Study participants were divided into the following groups: control group (controls) consisted of 119 subjects: 69 males (57.98%) and 50 females (42.02%), age range 36–75 years, mean 55.3±9.5. The coronary artery disease (CAD) group included 202 subjects with coronary artery occlusions: 166 males (82.18%), 36 females (17.82%), age range 38–84 years, mean 57.2±9.0 and was subdivided into the CAD1 subgroup (79 individuals with single vessel occlusion: 64 males (81.01%) and 15 females (18.99%) aged from 38 to 79 years, mean 54.9±8.0, and the CAD2+3 subgroup which included 123 individuals with 2 or 3 significant occlusions in the coronary vessels: 102 males (82.93%) and 21 females (17.07%), aged 41–84 years, mean 58.7±9.4.
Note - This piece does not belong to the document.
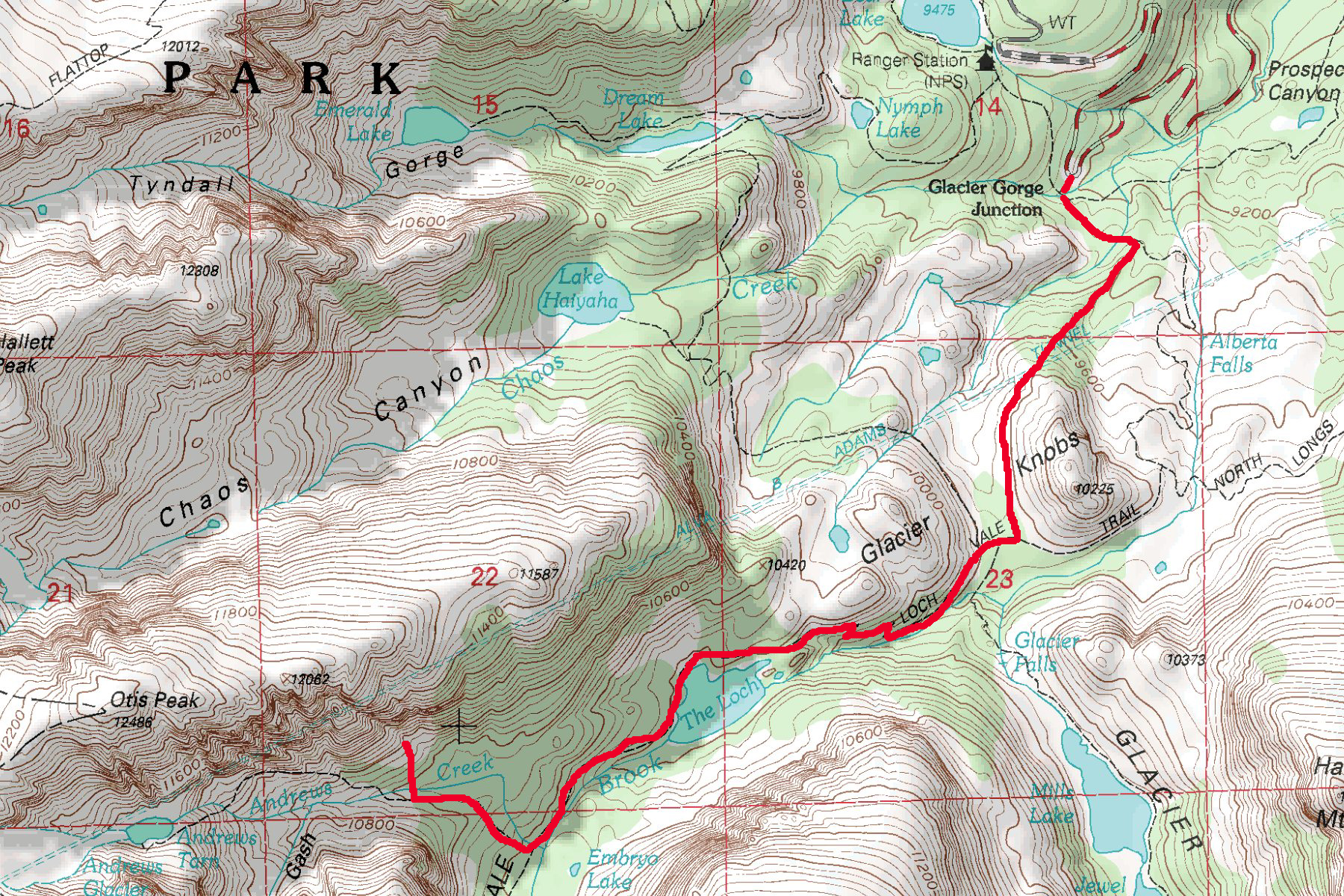 We started hiking at 4:45am on a clear night from a nearly empty parking lot. The trail went faster than the week before, and so the sun didn’t come up until just before we left the trees. Heading toward Zowie, we left the trail soon after leaving the trees; we turned left to cross the Andrews Glacier drainage creek, and then hiked uphill to the base of the climb.

Baseline characteristics of patients and control subjects are shown in Table 1. Differences between patients with single (CAD1) and multivessel (CAD2+3) disease are also presented in this table. Frequency of male gender and BMI proved to be significantly higher in the CAD group when compared to controls (p=0.0001 and p=0.02, respectively). Similarly, smoking and diabetes were more common among CAD patients than controls (p=0.007 and p=0.02, respectively). Lipid profile tests revealed that serum HDL was notably lower in the CAD group (p=0.00004). LDL, triglyceride levels and total cholesterol levels did not differ significantly between the CAD and controls. The extent of atherosclerosis in the coronary vessels was also investigated. A significant difference in the clinical and biochemical characteristics between patients with single and multivessel atherosclerosis was noted only for diabetes (Table 1).

Table 1.

Baseline clinical and biochemical characteristics of patients with coronary artery disease (CAD), advanced coronary artery disease (CAD2+3) and control subjects (Controls).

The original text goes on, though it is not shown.